─── SUPPLIED DATA
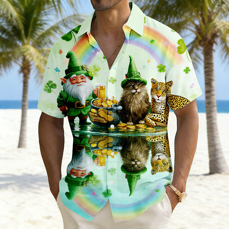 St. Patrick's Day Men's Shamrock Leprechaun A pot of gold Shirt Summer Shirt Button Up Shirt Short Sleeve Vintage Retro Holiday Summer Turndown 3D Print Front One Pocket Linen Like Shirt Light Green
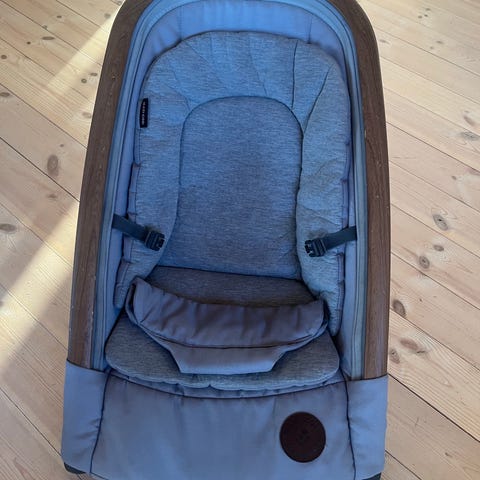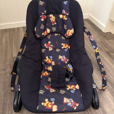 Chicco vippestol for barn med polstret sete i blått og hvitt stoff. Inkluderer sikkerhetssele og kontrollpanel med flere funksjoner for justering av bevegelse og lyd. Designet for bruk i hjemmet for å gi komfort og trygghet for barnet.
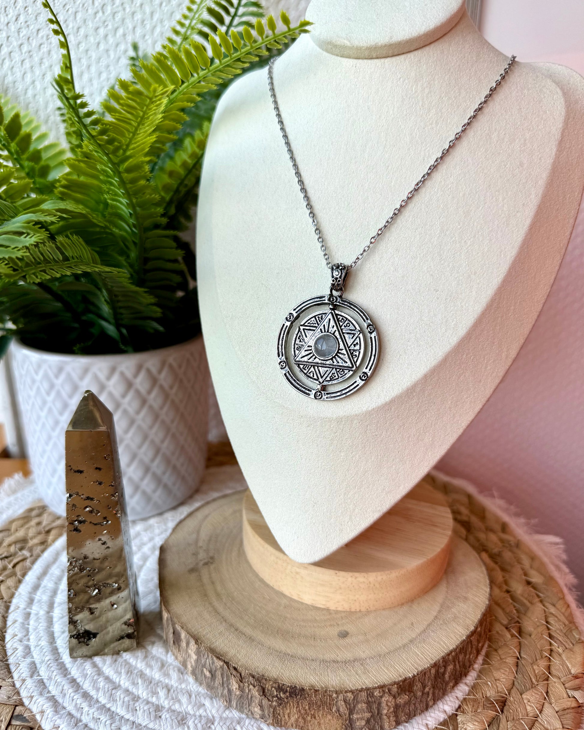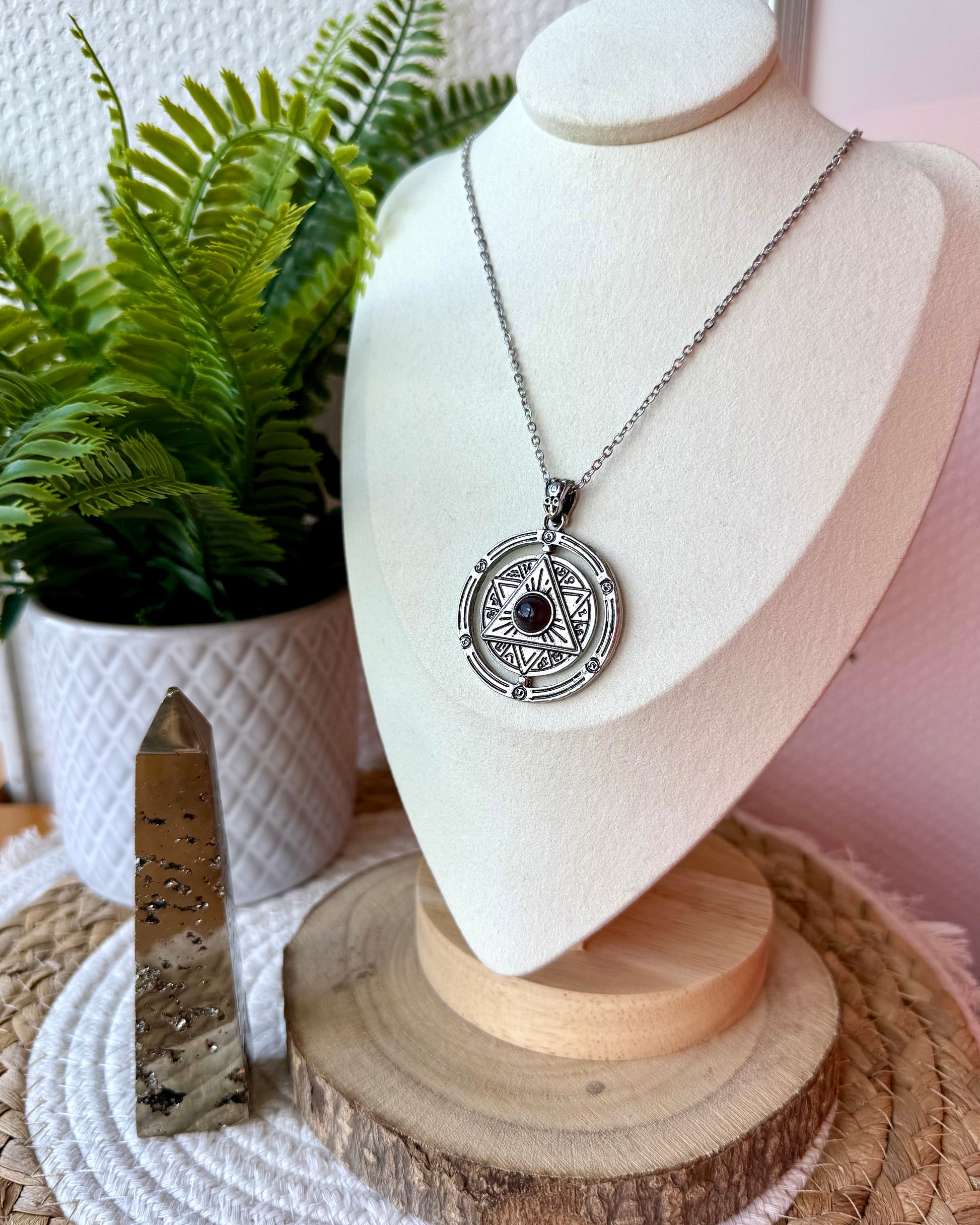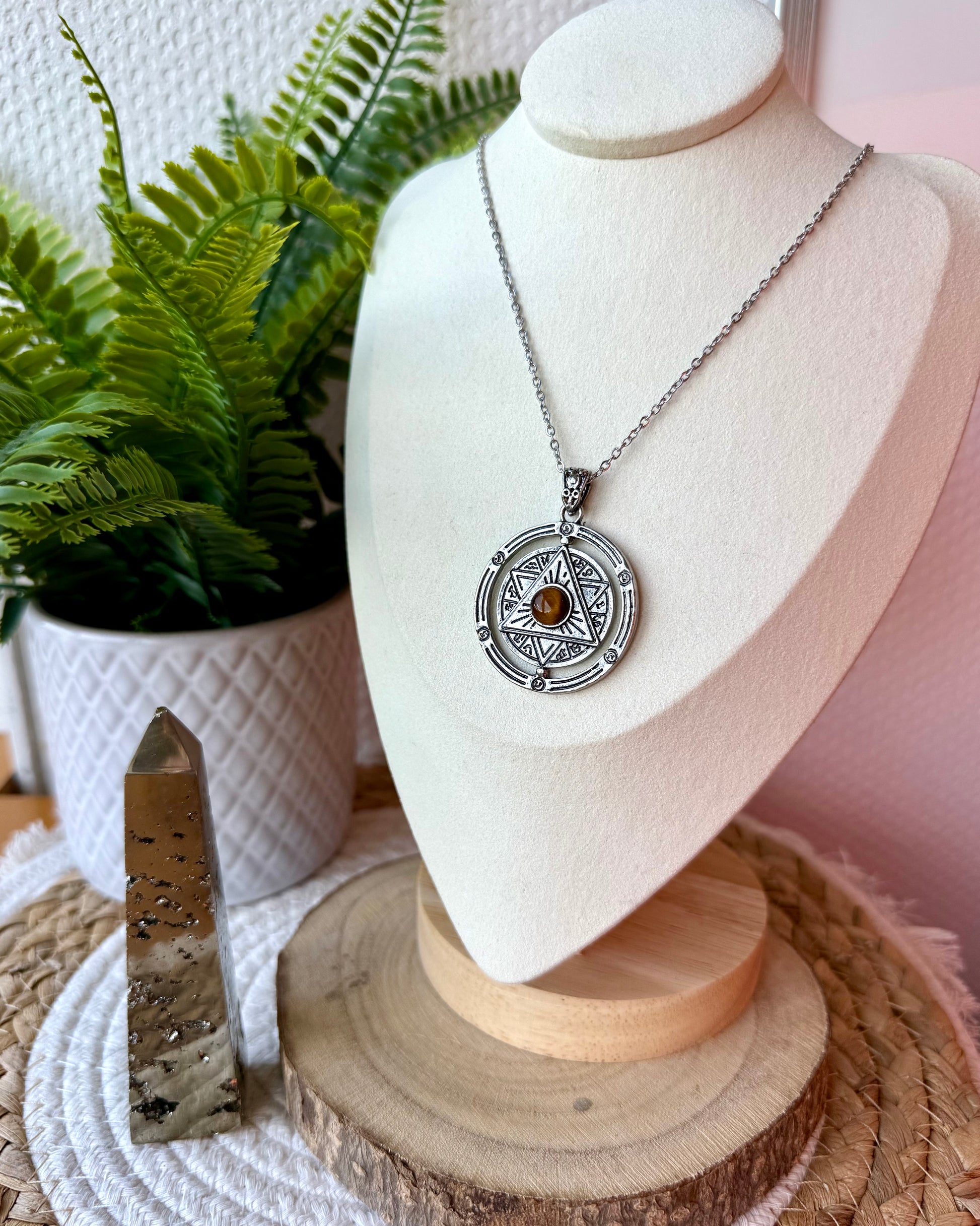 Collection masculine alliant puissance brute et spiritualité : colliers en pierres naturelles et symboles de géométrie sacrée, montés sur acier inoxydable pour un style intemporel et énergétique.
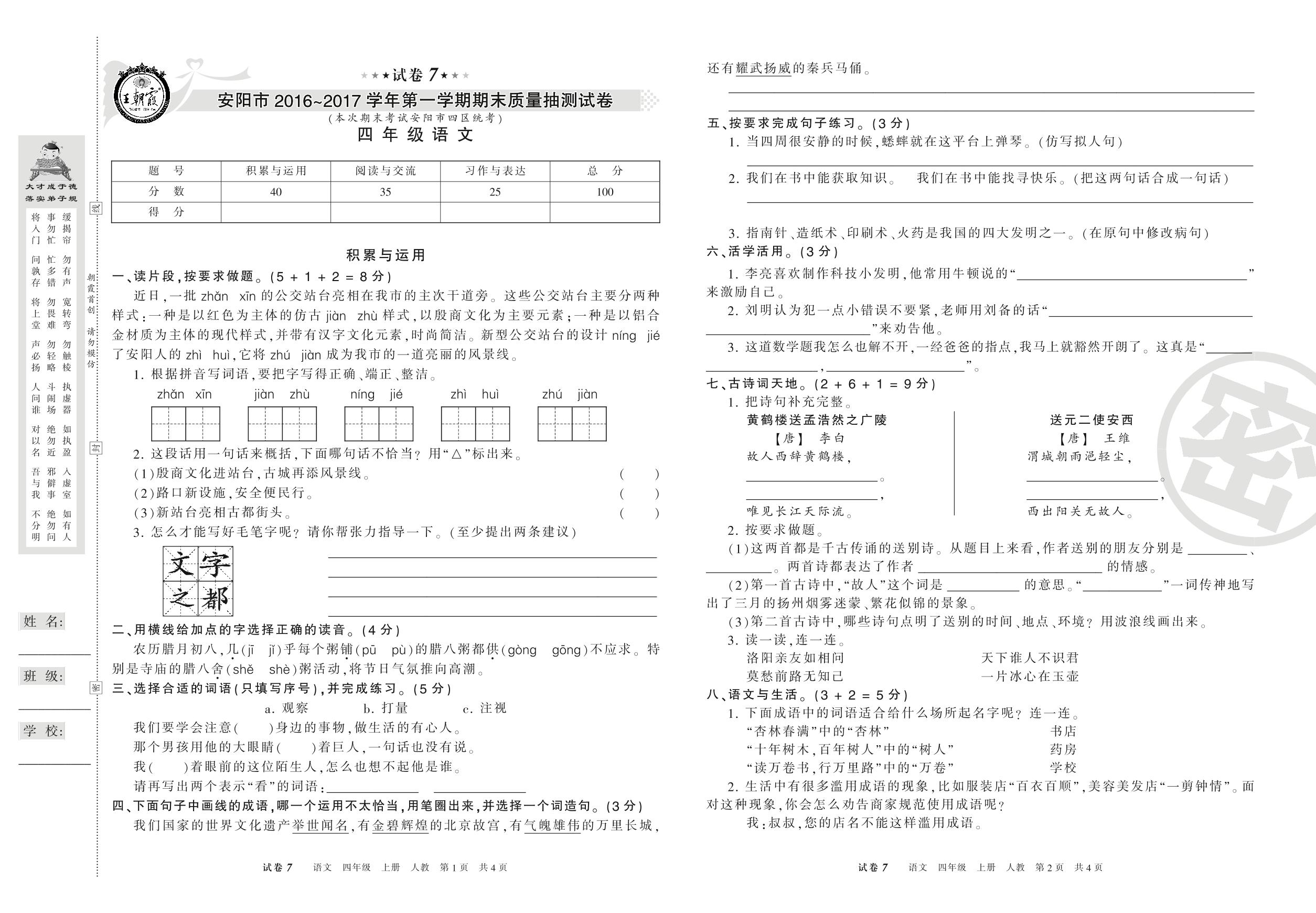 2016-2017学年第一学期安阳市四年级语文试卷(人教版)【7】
──────
▶ WORK INSTRUCTIONS
Setting the pictures aside, return exactly the lines from the line with "Chicco vippestol for" through the last line of the listing above.

▶ TASK RESPONSE
 Chicco vippestol for barn med polstret sete i blått og hvitt stoff. Inkluderer sikkerhetssele og kontrollpanel med flere funksjoner for justering av bevegelse og lyd. Designet for bruk i hjemmet for å gi komfort og trygghet for barnet.
 Collection masculine alliant puissance brute et spiritualité : colliers en pierres naturelles et symboles de géométrie sacrée, montés sur acier inoxydable pour un style intemporel et énergétique.
 2016-2017学年第一学期安阳市四年级语文试卷(人教版)【7】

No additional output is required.